**DATA PROVIDED**
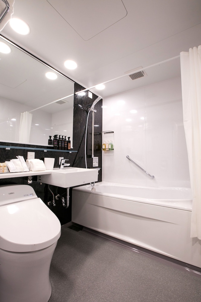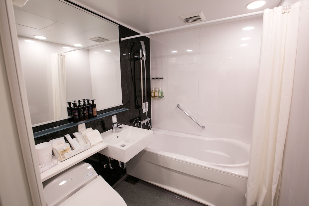 Hotel is located close enough to subway. There are two 7-11 near by. Most places took a longer walk or need for public transportation. Hotel was nice and clean. Easy to get in an out, felt secure as it was a smaller Hotel and limited guests, meaning very quiet. Room was as expected for a Japanese hotel. We had 3 beds and it was sufficient for our small family of 3. Lights were adjustable. Only a few outlets so come prepared if you have many needing to charge items. There is not much space for clothing storage. Small closet held 2 suitcases, small tables and chair took up some space which we would have preferred more walking space. Nice accomadation.
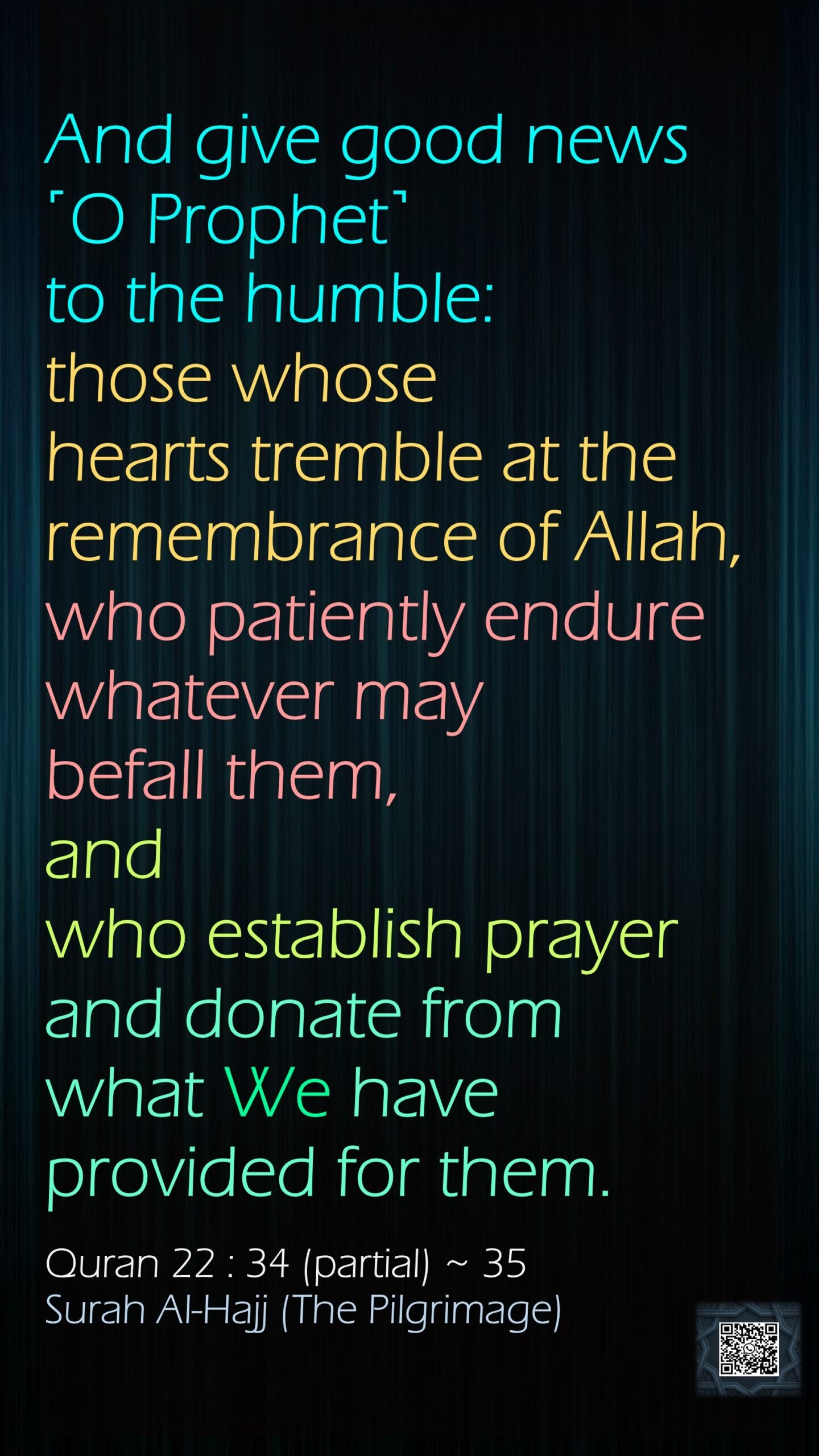 022, 034, 035, 22, 34, Allah, ayat, befall, donate, endure, establish, Hajj, heart, humble, inspirations, islam, islamic, Muhammad, partial, patiently, prayer, provision, quran, remember, remembrance, Surah, test, The Pilgrimage, tremble
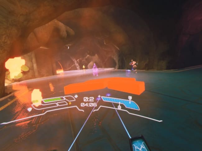 El objetivo es ganar dos de tres encuentros para coronarse campeón, el juego cuenta con cinco arenas que son muy divertidas, además los controles son precisos y responsivos y los movimientos como los derrapar o correr se realizan de manera fluida y permiten realizar el “frag”, un movimiento con el cual podemos apuntar hacia una superficie que nos permita transportar y aparecer justo en el mismo lugar donde se encuentra nuestro contrincante y hacerlo estallar en pedazos.
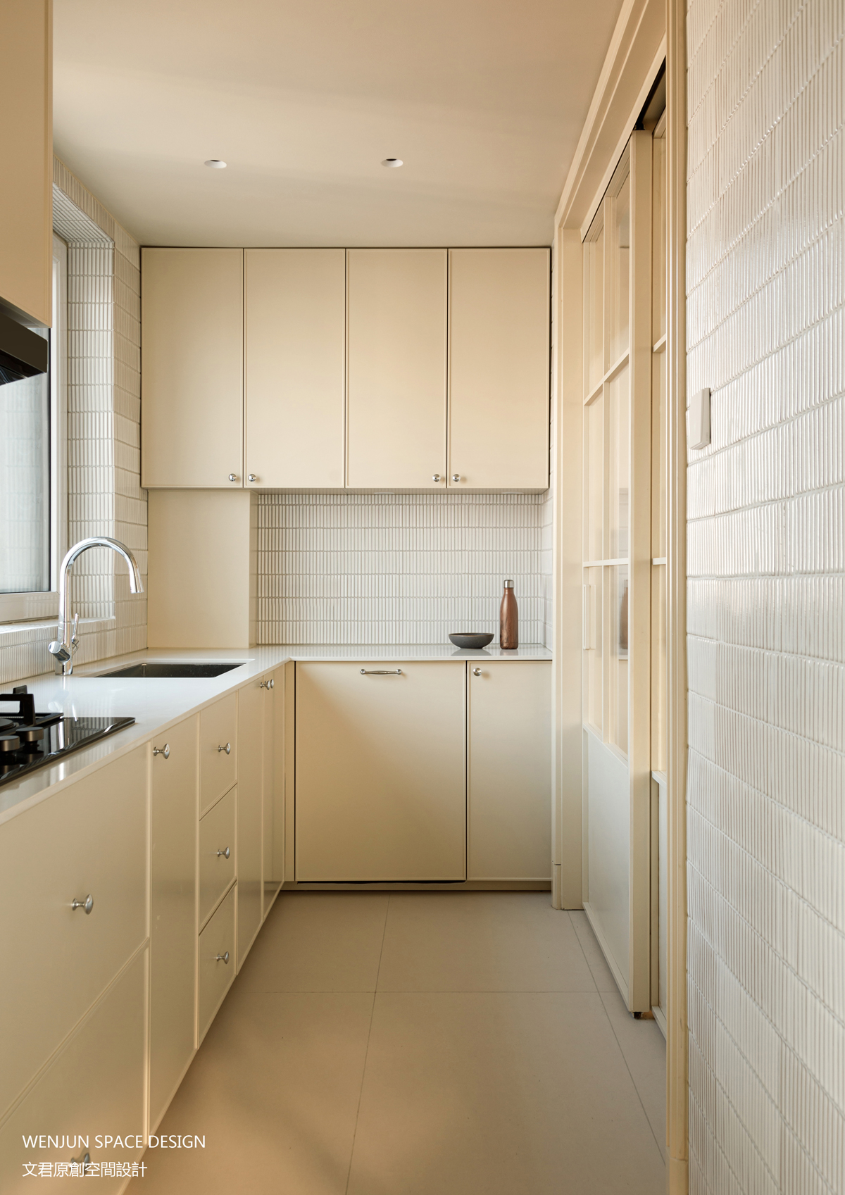 客厅西侧区域是中西厨一体,用长虹玻璃门封闭原有厨房作为中厨,采光层次感增强,也可避免油烟侵扰。

**WORK TO COMPLETE**
Copy out the lines above unchanged. Skip the images.

**RESPONSE AREA**
 Hotel is located close enough to subway. There are two 7-11 near by. Most places took a longer walk or need for public transportation. Hotel was nice and clean. Easy to get in an out, felt secure as it was a smaller Hotel and limited guests, meaning very quiet. Room was as expected for a Japanese hotel. We had 3 beds and it was sufficient for our small family of 3. Lights were adjustable. Only a few outlets so come prepared if you have many needing to charge items. There is not much space for clothing storage. Small closet held 2 suitcases, small tables and chair took up some space which we would have preferred more walking space. Nice accomadation.
 022, 034, 035, 22, 34, Allah, ayat, befall, donate, endure, establish, Hajj, heart, humble, inspirations, islam, islamic, Muhammad, partial, patiently, prayer, provision, quran, remember, remembrance, Surah, test, The Pilgrimage, tremble
 El objetivo es ganar dos de tres encuentros para coronarse campeón, el juego cuenta con cinco arenas que son muy divertidas, además los controles son precisos y responsivos y los movimientos como los derrapar o correr se realizan de manera fluida y permiten realizar el “frag”, un movimiento con el cual podemos apuntar hacia una superficie que nos permita transportar y aparecer justo en el mismo lugar donde se encuentra nuestro contrincante y hacerlo estallar en pedazos.
 客厅西侧区域是中西厨一体,用长虹玻璃门封闭原有厨房作为中厨,采光层次感增强,也可避免油烟侵扰。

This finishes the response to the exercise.